Friday, February 29, 2008

Unmiddled

I have recently been re-reading Thomas Aquinas's commentary on Aristotle's Posterior Analytics, in Richard Berquist's translation. One thing that has jumped out me more this time around than before is just how different the Aristotelian approach to first principles is, compared to what is usually found today. First principles are, for the Aristotelians, immediate principles -- but this term 'immediate' is potentially misleading, because by 'immediate' the Aristotelians mean, quite literally, unmiddled. Immediate propositions are those that require no middle term. And Aristotle's Posterior Analytics can be interpreted entirely as a reflection on the relationship between middled and unmiddled propositions: it clarifies what is meant by both, proves that the latter must exist, gives methods for moving from mediate propositions to immediate propositions, and so forth.
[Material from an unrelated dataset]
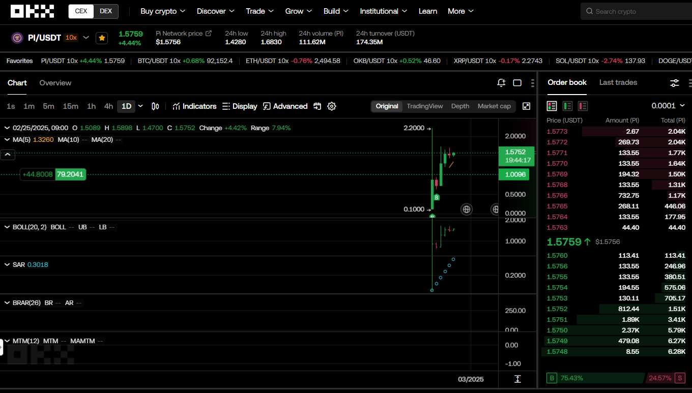 ✅ 파이코인 현재 가격은 약 $1.524로, 상장 후 최저점 대비 100% 상승

This is very different from what you'd find in most kinds of modern foundationalism, which are based not on objective methods but (usually) on identifying some privileged sort of experience (the way to get at first principles after Descartes, I suppose). But most of the issues with this sort of foundationalism don't exist for the Aristotelian approach to first principles: there is an objective (even if, on occasion, difficult) method for identifying first principles, so there is no problem of whether we know them: after all, we do know them, or at least can: you just follow the method up through mediate principles and you'll eventually arrive at them. Epistemological questions end up being purely a matter of detail: given that you know them, you naturally want to know what's involved in knowing them, and that's all the work there is for epistemologists to do. This is not minor work, but it makes justification a relatively minor issue. There is no appeal to special experiences (self-referential, or direct, or what have you); the first principles are established by a method that is, at least in a broad sense, logical. That's a very different perspective than what usually seems to be assumed in modern discussions of foundationalism.